We have been using the community version of sensugo for a while now at our company and are currently running version 5.19.1.

We have set up a slack handler, with the filters is_incident, not_silenced and hourly - works like a charm - when a check is down for an extended period of time we get alerts on our slack channel every hour.

This however is not true for keepalive checks. We only get one slack notification on the very first warning of an agent not responding =>120s and then nothing after that.

the keepalive handler is a copy’n’paste from the documentation (https://docs.sensu.io/sensu-go/5.19/reference/handlers/#keepalive-event-handlers) - nothing special here either.

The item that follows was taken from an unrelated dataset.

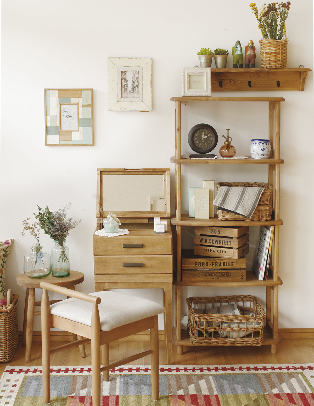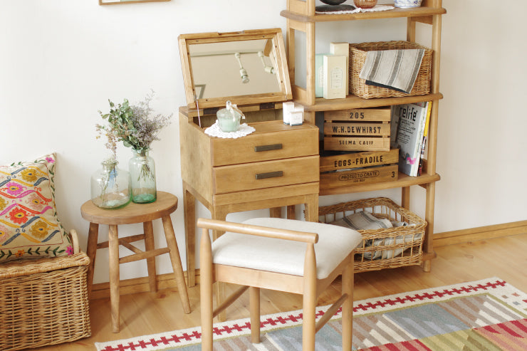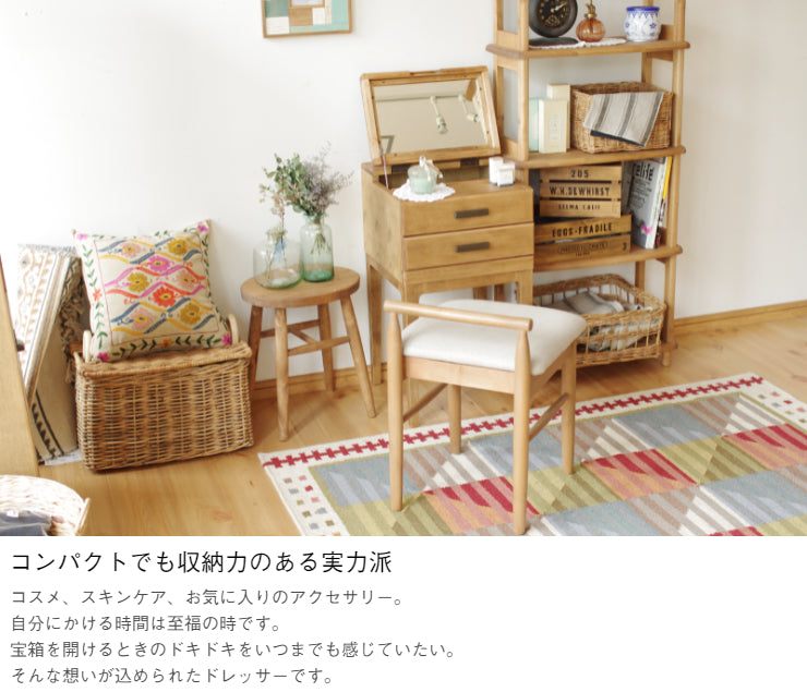 コスメ、スキンケア、お気に入りのアクセサリー。自分にかける時間は至福の時です。宝箱を開けるときのドキドキをいつまでも感じていたい。そんな想いが込められたドレッサーです。

My question is, are keepalive handlers not considered events(incidents)? and if not, is there a way to have these keepalive warnings posted to slack every hour as normal failed checks?

Hey,

This is most likely do to the fact that your hourly filter expression assumes that keepalives events are being produced at some interval. But that’s not actually happening.

The keepalive events are NOT being generated at the regular interval what is happening is the entity’s keepalive timeout is being reached at the cadence associated with the keepalive-timeout for that entity.

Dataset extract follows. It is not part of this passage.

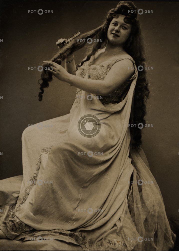 comb combing dlouhé vlasy hřeben leisure long hair morning toilet nightgown noční košile plnoštíhlá portrait portrét ranní toaleta rozčesávání slim volný čas woman žena

So far example… lets assume the keepalive interval is 20 seconds. and the keepalive timeout is 120 seconds.

using the example hourly filter rule in the documentation… you are checking if failure occurrence count is equal to an hour’s work of keepalive event intervals 3600/20. But because no keepalive events are actually being sent to the backend, what is happen is that timeout keepalive events are being generated every 120 seconds… which is a slower rate than the hourly filter would calculate.

Thank you for your answers, that makes sense and are easily fixed by tweaking the hourly filter expression.